Delimeters Count in a FlatFile

Hi,

I have the below script to check the count of delimeters for a file (here is File : test.csv Delimeter is ",")

awk '{gsub(/"[^"]*"/,x);print gsub(/,/,x)}' test.csv

And it return the output for each line as:

2
2
cat test.csv:
abc,xyz
"abc,zxyz",1

I need help one the below things:

  • IS there a way to pass the delimeter as a variable ? I am using the below command but it is not working?
awk -vs="," '{gsub(/"[^"]*"/,x);print gsub(/s/,x)}' test.csv
  • Can I validate a file whether it has same delimeter count across all the lines of file rather than for each line?

Please help! Thanks a lot

awk '{FS=del; if(cnt && cnt != NF-1) {a=1;exit;} cnt=NF-1;}END{if (a==1) print "delim count is not same in all lines" else print "delim count is same in all lines"}' del=$delim test.csv

Hi Anuraj,

The command does not solve the purpose.

I need to pass delimeter as a variable and at the same time want to get the output 1 or 0 if the all the rows has the same delimeter count (ignoring the delimeter in the quotes if any, that I already included in the awk command)

Modified command above.

1 Like

Thanks Anuraj.

But the posted command is not giving the desired result. It always ends up going to the if(a==1) and prints the "delim count is not same in all lines" even though the delimiter count is same across the file. And also it is not ignoring the delimeter incase it is there in the quotes.
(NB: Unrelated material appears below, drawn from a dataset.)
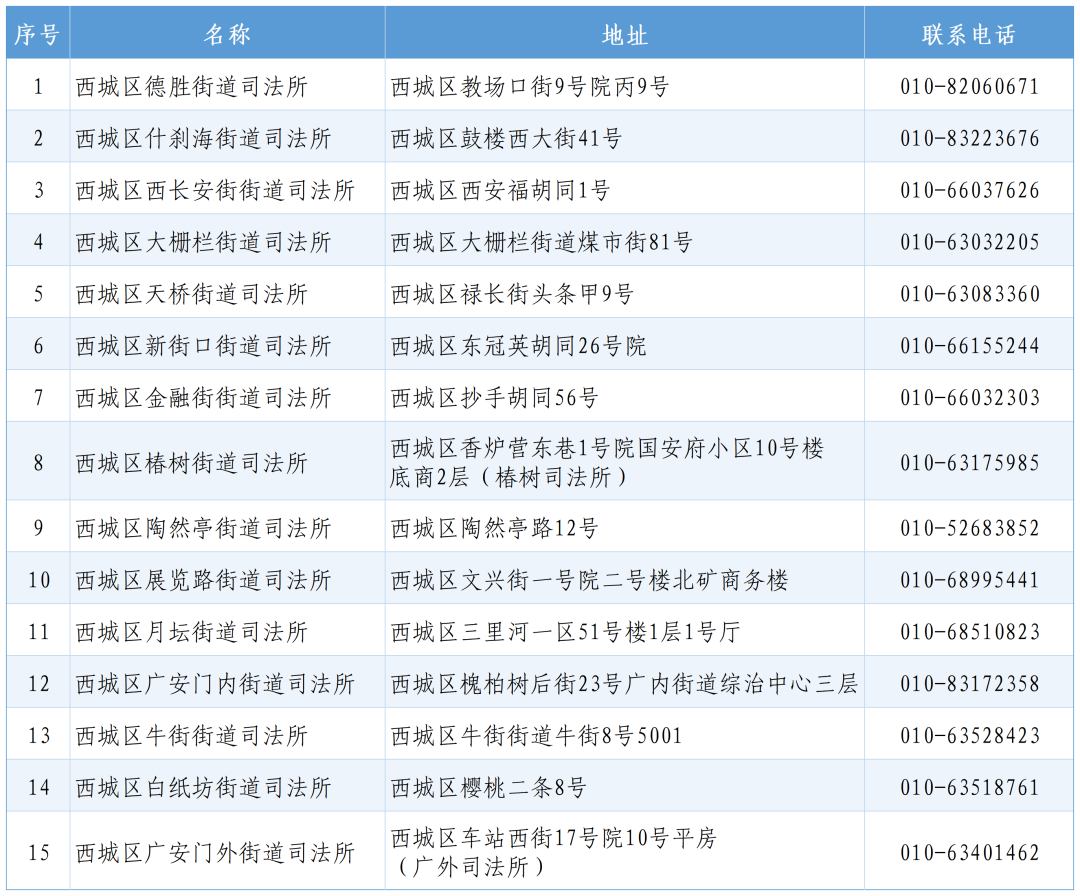 344个司法所的地址和联系电话

Example of such a case is:
"abc,zyz",xyz

In this case delimeter count is 1.

sed 's/"\([^,]*\),\([^"]*\)"/"\1\2"/g' test.csv | awk '{FS=del; if(cnt && cnt != NF-1) {a=1;exit;} cnt=NF-1;}END{if (a==1) print "delim count is not same in all lines"; else print "delim count is same in all lines"}' del=$delim

delim is a variable, it's value should be set before running above command.
If it doesn't work, Pls post the command along with the result you got.

1 Like

Hi Anurag,

Thanks for your replies.

Here is the list of commands that I ran:

delim=,
echo $delim
output is ,

sed 's/"\([^,]*\),\([^"]*\)"/"\1\2"/g" test.csv | awk '{FS=del; if(cnt && cnt != NF-1) {a=1; exit} cnt=NF-1;}END{if (a==1)
  print "delim count is not same in all lines" else print "delim count is same in all lines"}' del=$delim

-bash: syntax error near unexpected token `{a=1'

missed semicolon in if statement. Also single quote at the end of sed (not double quote) Corrected the earlier post #6. Please check that now.

Since you only care about the number of delimiters, why not just remove everything but, with:

sed -e 's/"\([^"]\|""\)*"/<>/g' -e 's/[^,]//g'

You can then compare lengths of $0 in awk.
And since you don't care about the actual number of fields:

X=`sed -e 's/"\([^"]\|""\)*"/<>/g' -e 's/[^,]//g' | sort -u | wc -l`

if [[ ${X} = 1 ]]; then
    echo delim count is the same in all lines
else
    echo delim count is not the same in all lines
fi

Note that man wc (linux) will return a number with leading spaces, so you have to make an arithmetic comparison, not a string comparison where " 1" is not the same as "1".